Tabanca Grande Luís Graça disse...

irã-cego.

nome masculino: pitão africano (, no Novo Mundo, jiboia).

Do crioulo guineense iran segu, «idem», de irã+segu, «cego», por os olhos só poderem ser observados se fechados

https://www.infopedia.pt/dicionarios/lingua-portuguesa/ir%C3%A3s-cegos

Fernando Ribeiro disse...

Luís, tens a certeza de que a pitão não constitui um perigo real para os seres humanos? Pelo menos para as crianças, ela constitui um perigo real e bem real. Se ela come cabras e cães e até vitelos (e come!), também pode comer uma criança. Há um poema de Agostinho Neto em que ele afirma ter sido salvo «do abraço da jiboia», mas não diz que idade tinha quando isso aconteceu. O poema é este: https://www.lusofoniapoetica.com/angola/agostinho-neto/mussunda-amigo.

Vi várias pitões no norte de Angola, onde eram chamadas jiboias. Onde quer que o terreno fosse rochoso, era garantido que havia por lá uma ou mais cobras dessas. Não era preciso procurar muito para se encontrar uma, imóvel, a fazer a digestão de mais um almoço (um antílope ou javali, talvez). Os angolanos até inventaram o verbo "jiboiar", cujo significado facilmente se adivinha. Os angolanos são danados para inventarem palavras...

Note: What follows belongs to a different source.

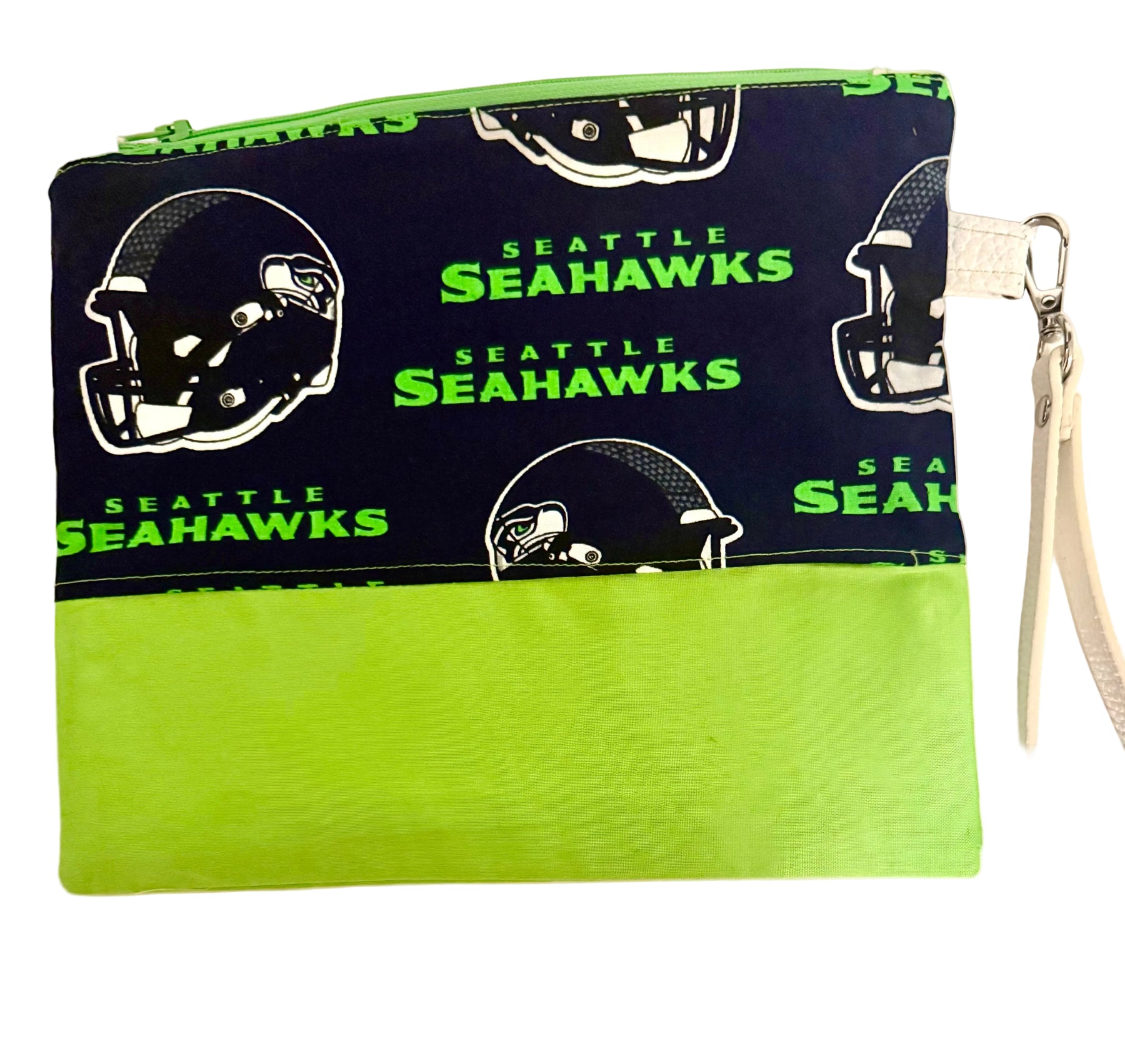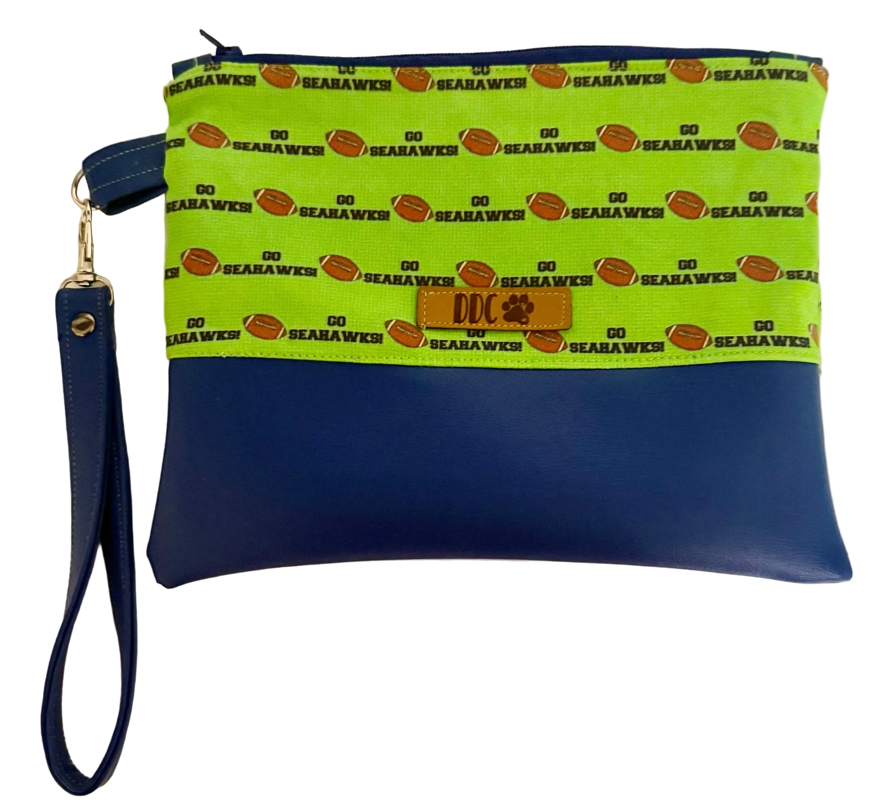 Elevate your game day essentials with this Seahawks wristlet, designed for fans who demand both style and functionality. Crafted in the iconic navy and green colorway, this compact accessory keeps your phone, cards, and cash organized while showcasing your team pride. The secure wrist strap ensures hands-free convenience whether you're tailgating, running errands, or cheering from the stands. Perfect for any devoted Seahawks supporter looking to add a touch of team spirit to their everyday carry.

O uso em África de nomes provenientes do Brasil não é de espantar. O tráfico de escravos explica-o facilmente. As idas e vindas de navios negreiros entre o Brasil, por um lado, e a Guiné, a Mina, o Congo, Angola e outras paragens africanas, por outro, tornavam as colónias africanas, não colónias de Portugal diretamente, mas sim colónias do Brasil. Elas eram colónias de uma colónia; eram duplamente colónias. Por isso, não é de admirar que em Angola, nomeadamente, se chame jiboia a uma pitão, onça a um leopardo ou jacaré a um crocodilo.